Due to this pandemic, we are all stuck in the same storm but on different boats. As we know, “prevention is better than cure” and any small step towards prevention can make a huge difference.

I wanted to build something that sends me an alert message with the daily new Covid-19 cases around me in my State, County and Zip Code as an SMS to my mobile phone.

Being a Cloud Engineer, I couldn’t find a better way than to leverage the power of cloud computing by incorporating multiple services and making them work together to build this system on AWS Cloud.

I believe that any application with voice interaction makes the application more user friendly. With this thought I developed an Alexa skill to respond to the user based on their request.

After collecting the Covid-19 historical data of the last 3 months I forecasted the daily new Covid-19 cases for 10 days into the future using Facebook Prophet.

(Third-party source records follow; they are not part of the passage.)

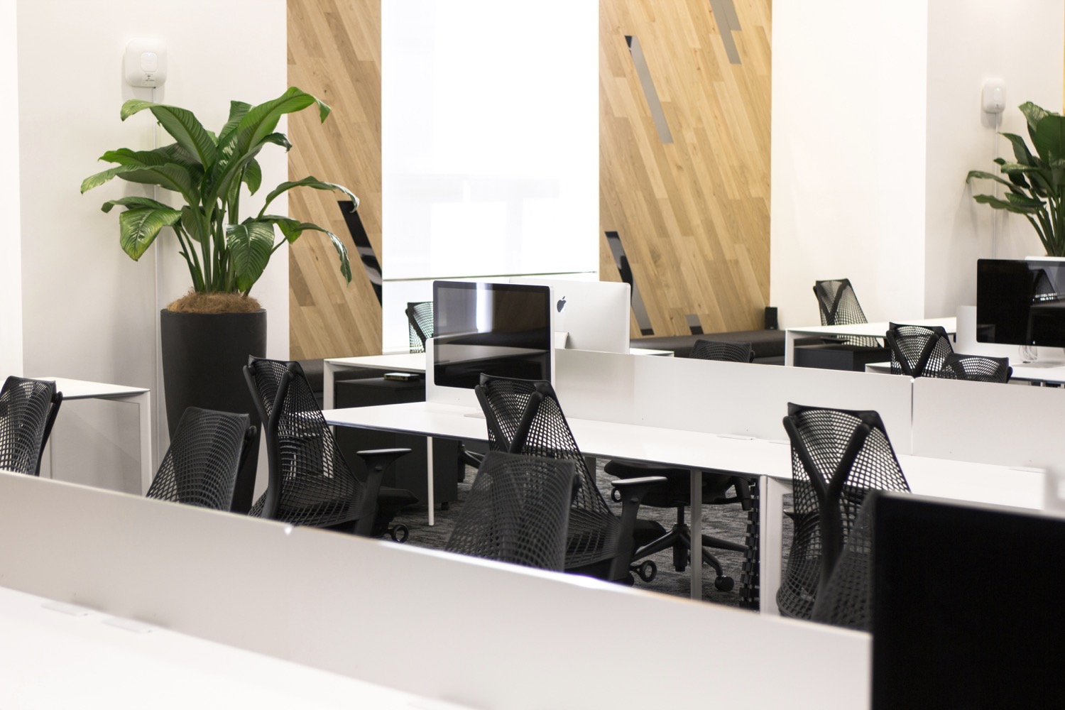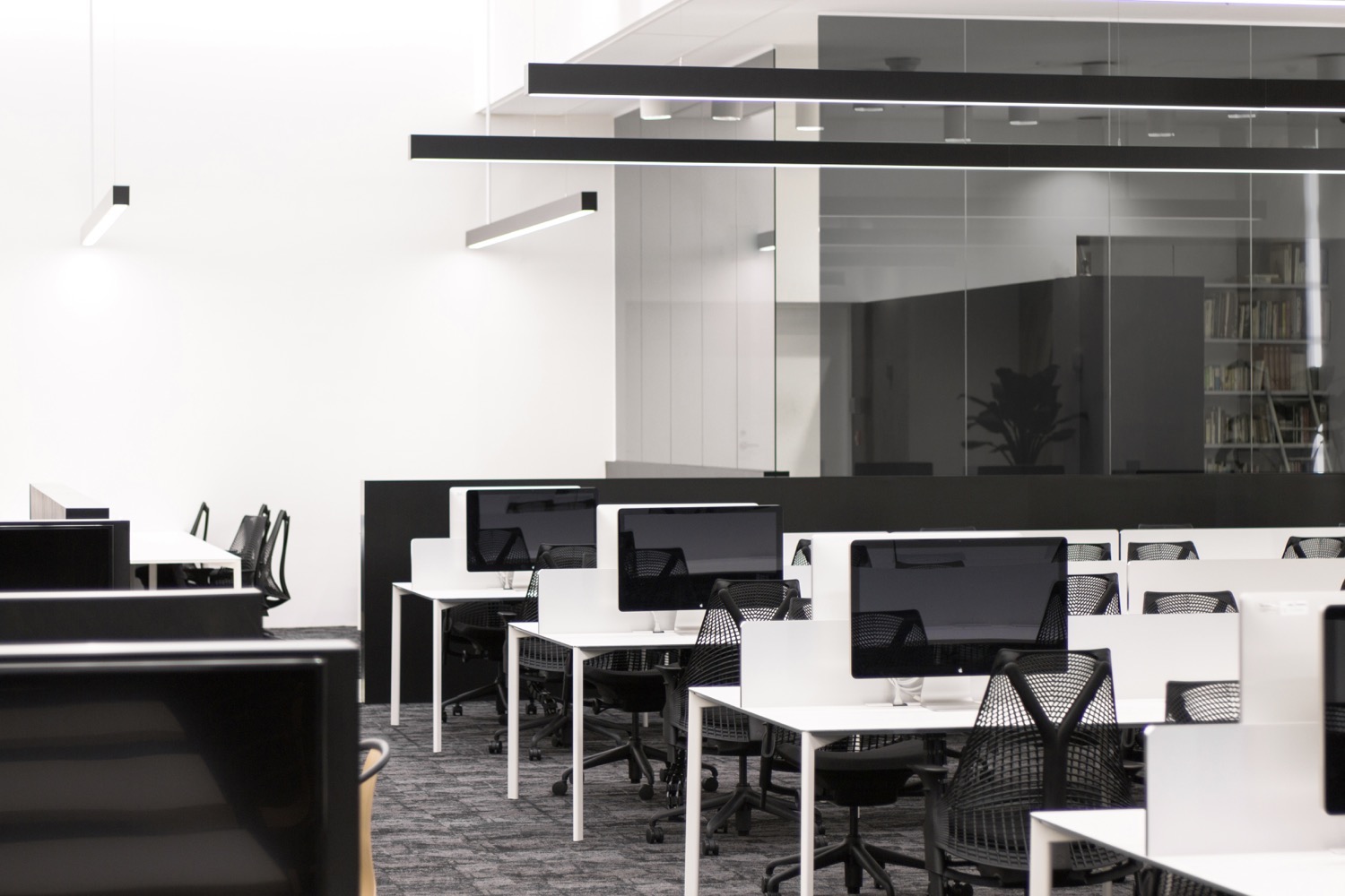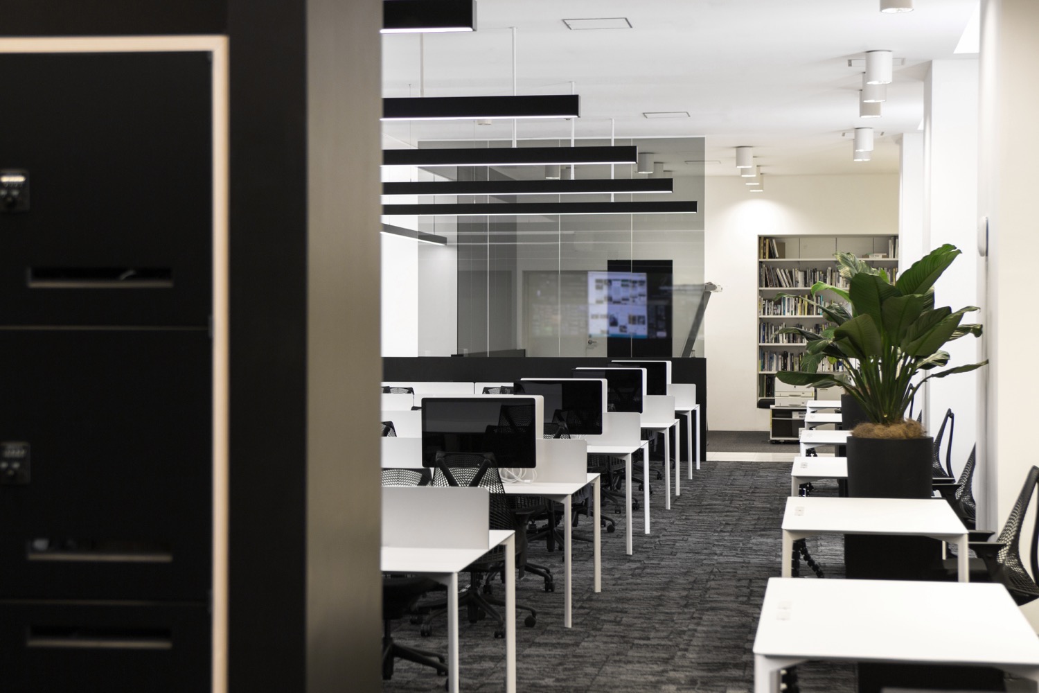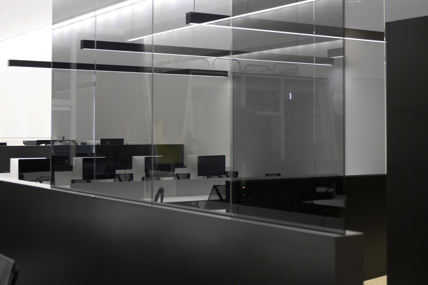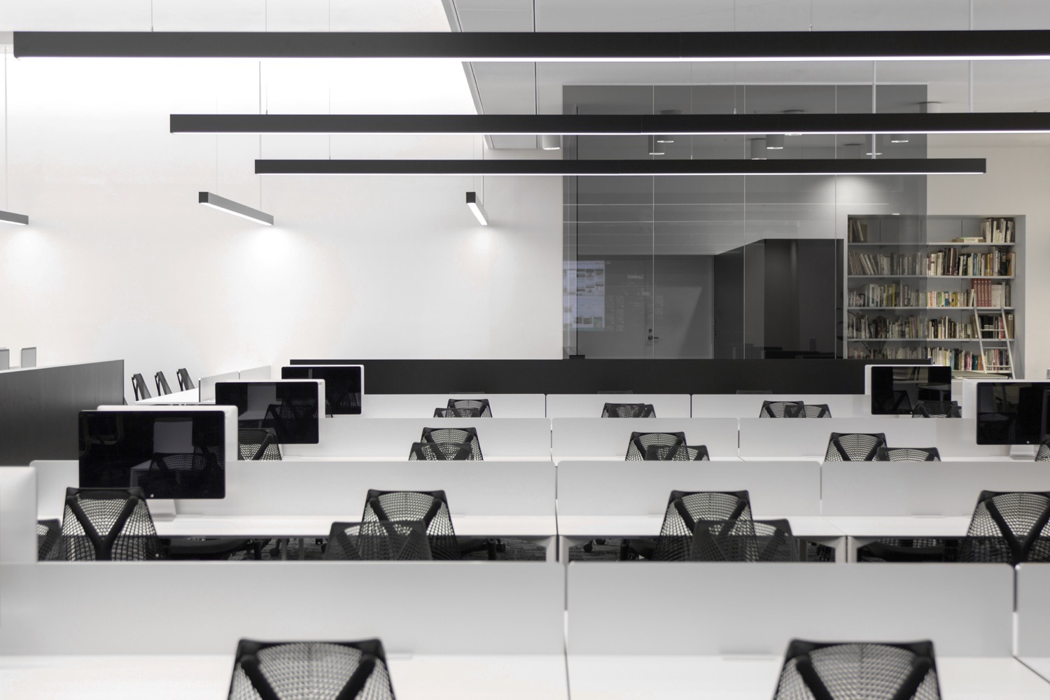 Working with a color scheme in line with the client’s brand colors and a latent arrangement of elements in their logo, the office layout presents a flat lineup of sharp, light, aluminum desks, arranged so as to stimulate collaboration between planners and designers.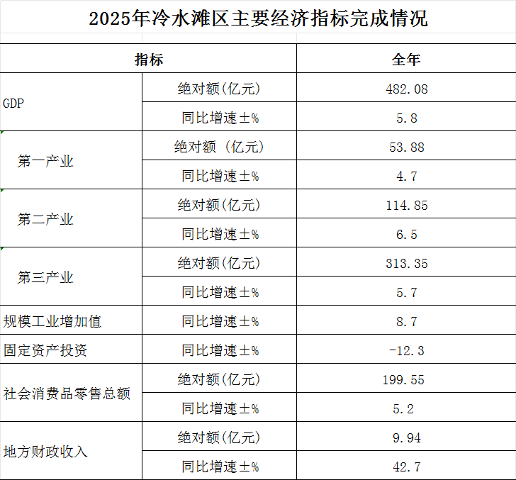 2025年冷水滩区主要经济指标完成情况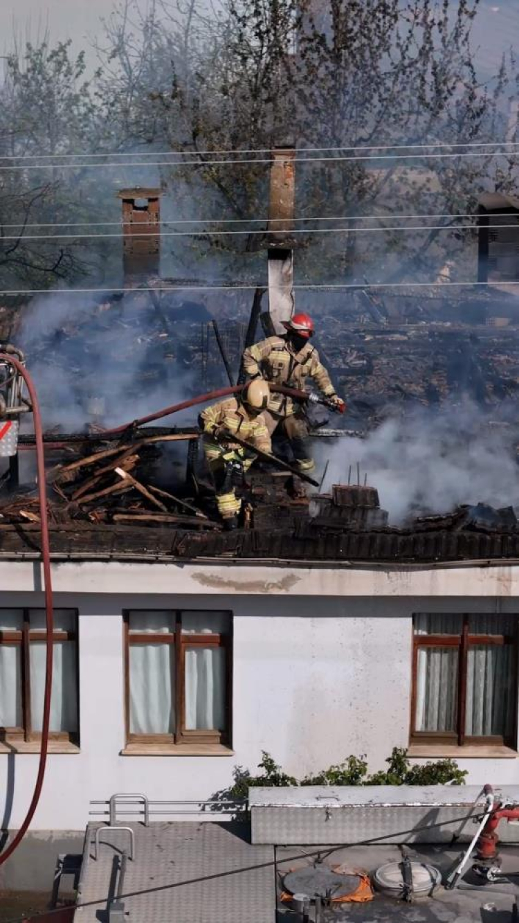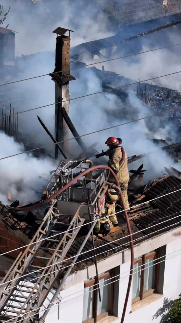 Bursa'nın İnegöl ilçesinde tek katlı ev alev alev yandı. Yangın ve söndürme anları havadan görüntülendi.

Architecture diagram for this system:

Design of Covid-19 Notification System

These are the three open source api’s with JSON data used for this project where Covid-19 data is updated daily:

State wise daily new cases and other Covid-19 data in USA: https://covidtracking.com/api/states/daily

County wise daily new cases and other Covid-19 data in USA: https://covid19-us-api.herokuapp.com/county

Zip code wise daily new cases and other Covid-19 data in St. Louis County, Missouri in USA: https://data-stlcogis.opendata.arcgis.com/datasets/covid-19-zip-code-data?selectedAttribute=zip_5

check this out for more information on API’s https://covidtracking.com/data/api

I’ve used different AWS services to implement the system shown in the architecture above.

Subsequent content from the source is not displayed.